Ik meen dus dat de Hoge Raad zich in het falconarrest terughoudend had moeten opstellen en het oordeel had moeten overlaten aan de wetgever. De wetgever is immers bij uitstek in staat om vanuit bepaalde achterliggende uitgangspunten – in casu zal dat de strekking van de deelnemingsvrijstelling zijn – een sluitend systeem tot stand te brengen.

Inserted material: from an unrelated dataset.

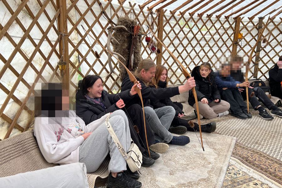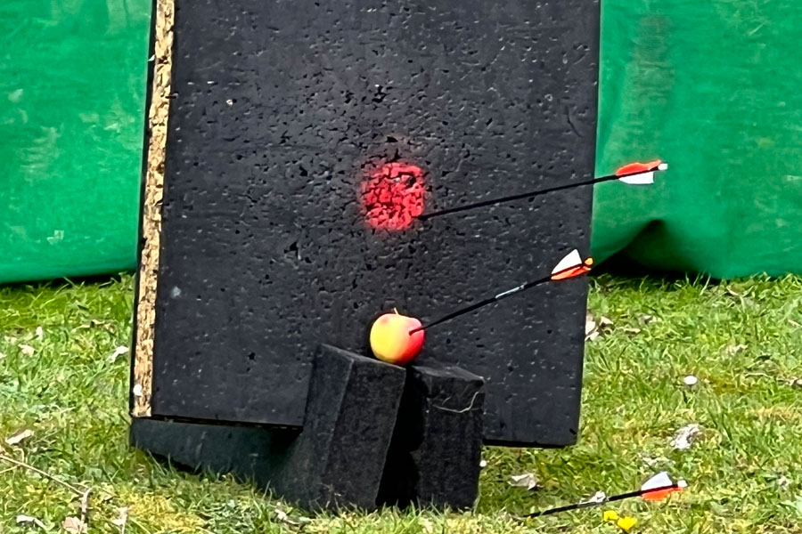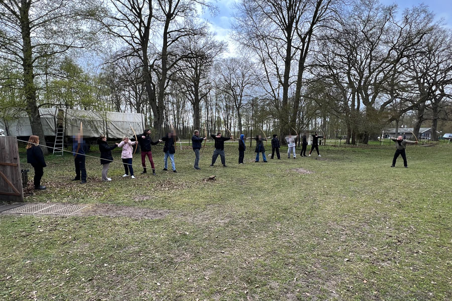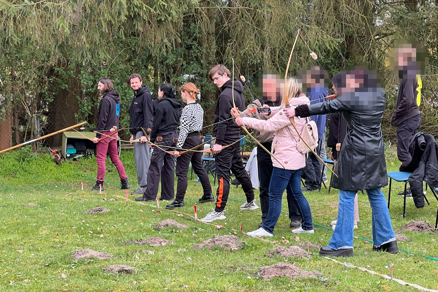 Als sich die Gruppen wieder trafen, überraschten uns die Betreuer mit der Aktivität Bogenschießen. Nach einer Stunde Probetraining durften wir selbst den Bogen in die Hand nehmen. Es war eine interessante Erfahrung, die aber leider für die Teilnehmer:innen etwas zu lange dauerte und einige von uns haben den einen oder anderen blauen Fleck mit nach Hause genommen. Trotzdem haben wir bei einigen Teilnehmer:innen unentdeckte Fähigkeiten festgestellt, gerade als es darum ging, einen Apfel aus der Entfernung zu durchbohren.

De rechter is daarvoor per definitie ongeschikt vanwege de concrete casus waarover hij heeft te oordelen. Vragen die rijzen, maar buiten de desbetreffende concrete casus liggen, kan hij dan ook niet beantwoorden. Daarvoor is dan eerst weer nieuwe jurisprudentie nodig en ook dat komt de rechtszekerheid niet ten goede.